## Work task
An exact reproduction of the listing is wanted, with the pictures dropped.

## Exercise data
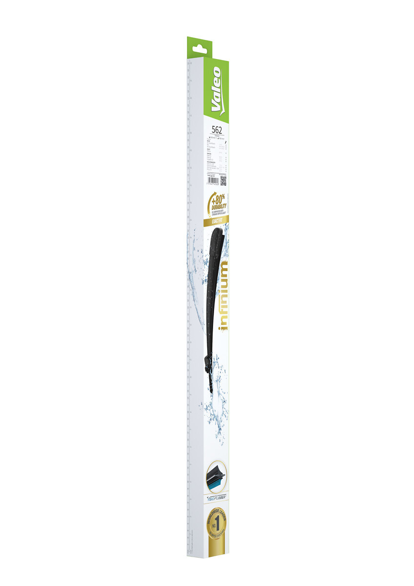 "Les balais d'essuie-glace Valeo Infinium assurent une durabilité d'essuyage accrue pour un maintient de la performance dans le temps. Valeo a développé et utilisé ses meilleurs caoutchoucs afin d'offrir une excellente qualité d'essuyage et garantir : - Une durabilité améliorée sous toutes conditions climatiques - Une performance optimisée"
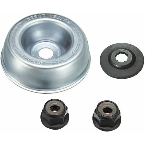 Hier ist ein Set aus einer Schutzabdeckung, einer Druckplatte und zwei Muttern zum Austausch des Zubehörs von STIHL FS120, FS200, FS250.
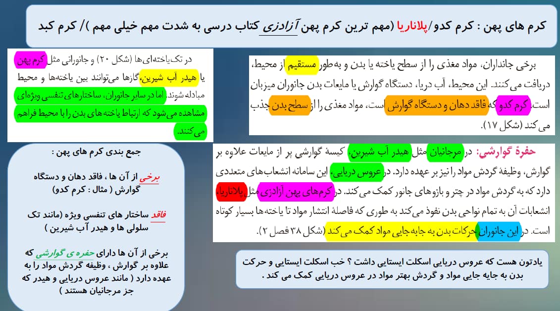 این قسمت از جمع بندی جانوری : کرم های پهن / کرم های حلقوی / کرم های پهن بررسی شده اند .

## Answer box
 "Les balais d'essuie-glace Valeo Infinium assurent une durabilité d'essuyage accrue pour un maintient de la performance dans le temps. Valeo a développé et utilisé ses meilleurs caoutchoucs afin d'offrir une excellente qualité d'essuyage et garantir : - Une durabilité améliorée sous toutes conditions climatiques - Une performance optimisée"
 Hier ist ein Set aus einer Schutzabdeckung, einer Druckplatte und zwei Muttern zum Austausch des Zubehörs von STIHL FS120, FS200, FS250.
 این قسمت از جمع بندی جانوری : کرم های پهن / کرم های حلقوی / کرم های پهن بررسی شده اند .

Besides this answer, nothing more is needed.